The Carr fire up north has taken six lives and destroyed 1,465 structures.  That makes it the sixth most destructive wildfire in California history and it’s still burning.  In Mendocino County – some of the most beautiful land in a state teeming with beauty – two fires had wiped out over 90,000 acres and they’re still burning.  The Ferguson fire scorching Yosemite, claiming over 60,000 acres is predicted to spread eastward into the Sierra Nevada Mountains.  If you haven’t yet seen Yosemite, it’s a damned shame.  The Ansel Adams photographs are stunning beyond belief but the real thing is even more so. 

The Ferguson fire has already burned for twenty days but experts are worried it may get worse as a pressure system lifts and ignites “a massive number of dead trees than have been killed off by five years of drought and a bark beetle infestation.”  [1] 

The calendar has just turned to August and a distinct possibility exists that it will only get worse as the summer unwinds.  It will certainly get worse as the years unwind and politicians like our president continue to pretend it has nothing whatsoever to do with the toxic stew we inject into our atmosphere every day. 
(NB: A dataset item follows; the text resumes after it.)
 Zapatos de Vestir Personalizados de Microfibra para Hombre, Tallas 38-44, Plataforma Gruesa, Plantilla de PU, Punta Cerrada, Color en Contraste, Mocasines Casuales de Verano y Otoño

It is too late for the party of denial to escape accountability.  We burn oil, gas and coal and pretend that natural gas is the solution when in fact it only transfers the problem from the air we breathe to the water we drink.  Why do we still not have solar panels on every home and building not only in the Golden State but in every state where sun still shines?  (Wake up, Arizona! You are wasting the most valuable resource you have and you’re worried about immigration?)  Why do we still not have an infrastructure that can accommodate a vast array of renewable clean energy?  Why is it still cheaper to burn the most harmful fuels on the planet?  Why haven’t we developed for mass deployment pollution-free vehicles? 
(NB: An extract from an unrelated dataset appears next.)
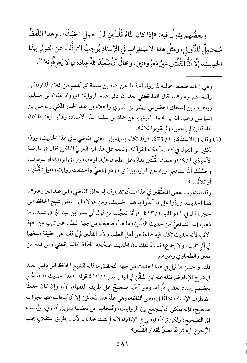 وقد استغرب بعض المحقِّقين في هذا الشأن تضعيف إسحاق القاضي وابن عبد البر وغيرهما لهذا الحديث، وردُّوا على ما أعلُّوا به هذا الحديث، ومن هؤلاء ابن الملقِّن شيخ الحافظ ابن حجر، قال في البدر المنير ١/ ٤١٣: "وأنا اتعجَّب من قول أبي عمر ابن عبد البر في تمهيده: ما ذهب إليه الشافعيُّ من حديث القُلَّتين، مذهبٌ ضعيفٌ من جهة النظر، غير ثابتٍ من جهة الأثر، لأنه حديث تكلّم فيه جماعة من أهل العلم، ولأن القلّتين لم يُوقف على حقيقة مبلغهما في أثرٍ ثابت، ولا إجماع" ثم ردّ ذلك بأن الحديث صحَّحه الحفّاظ كالدارقطني ومن قبله ابن معين والطحاوي وغيرهم.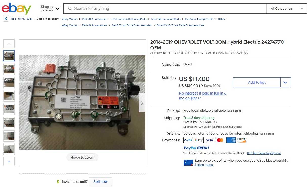 so I scored a Chevy Volt second gen DC-DC Converter, essentially for a $100 bucks, couldn't pass that up, and FREE shipping, I am sharing the eBay listing details because I know when I was a beginner (so many, many days ago, ha ha) I wanted to know what these used electric/hybrid car parts cost and more importantly what people are paying for them, folks please remember that sellers can ask what ever price they want for their items, it does not mean you have to pay it, or that the item is worth that, and every day more and more used OEM EV parts hit the resale market (thank you distracted texting soccer moms), also be aware of some sketch eBay practices where a seller will list multiple items at different prices, one being sky high to make the others look like good deals, there is a term for that, which escapes me at the moment, if you know what this shady practice is called please post a quick response, a while back one of those 20/20 magazine TV shows did a special on this

It is undeniable.  The world is getting hotter.  Earlier this summer, record temperatures were recorded across the globe from Los Angeles and Denver to New Hampshire and Vermont, from Ottawa and Montreal to Glasgow and Belfast, from Tbilisi and Yerevan in Eastern Europe to Quriyat in the Middle East.  There is no hiding from this phenomenon short of leaving the planet. 

California’s fires join tornadoes in the Midwest, hurricanes on the east coast and in the Gulf of Mexico, cyclones and tsunamis in the Pacific and extreme weather events throughout the nation and the world as powerful reminders that we have failed to effectively address the most pressing problem of our times.  This is a failing that will outlive us all. 
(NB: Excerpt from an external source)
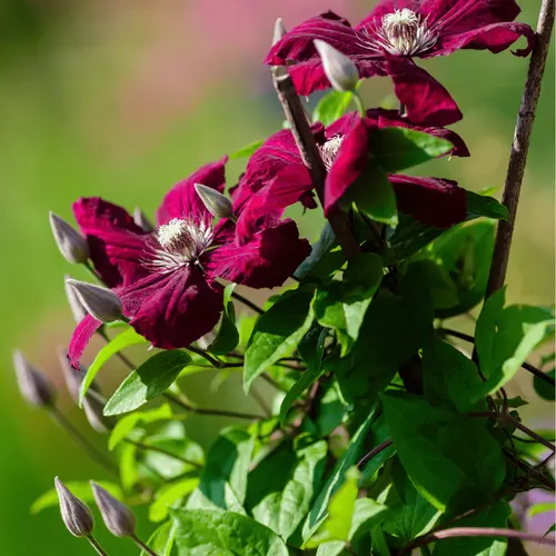 - Clematis: Met zijn overvloed aan kleurrijke bloemen is de Clematis een geliefde keuze onder tuiniers. Van diep paars tot fel roze, er is een Clematis-variëteit voor elke tuin. Ze gedijen goed in zowel zon als halfschaduw en vereisen regelmatig water geven. Snoei in het voorjaar om de groei te bevorderen en de plant in vorm te houden.

It is no longer worth arguing about.  It is happening to everyone in every corner of the globe.  The earth doesn’t care if we believe or disbelieve.  There will always be deniers.  When the rising ocean turns Miami into Venice, Italy, and Venice into a memory, there will be deniers.  When hurricane season decimates Baltimore, New York, New Orleans and Houston, there will be deniers.  When powerful twisters mark a path of destruction through St. Louis, Kansas City, Nashville and Atlanta, there will be deniers.  When violent storms knock out our vulnerable energy grid, there will be deniers.  But there will also be rational human beings who wake up and take action. 

The most critical action we can take is at the ballot box. 

Until then, California will burn. 

Jazz.

“California fires rage and Gov. Jerry Brown offers grim view of fiery future” by Jaclyn Cosgrove, John Myers, Louis Sahagun and Sonali Kohli.  Los Angeles Times, August 1, 2018. 

“Red-hot planet:  All-time heat records have been set all over the world during the past week” by Jason Samenow.  Washington Post, July 5, 2018.  

Jack Random is retired and living in central California.  He is the author of the Jazzman Chronicles and other works, most recently Pawns to Players: The Chess Series – a trilogy of political novels.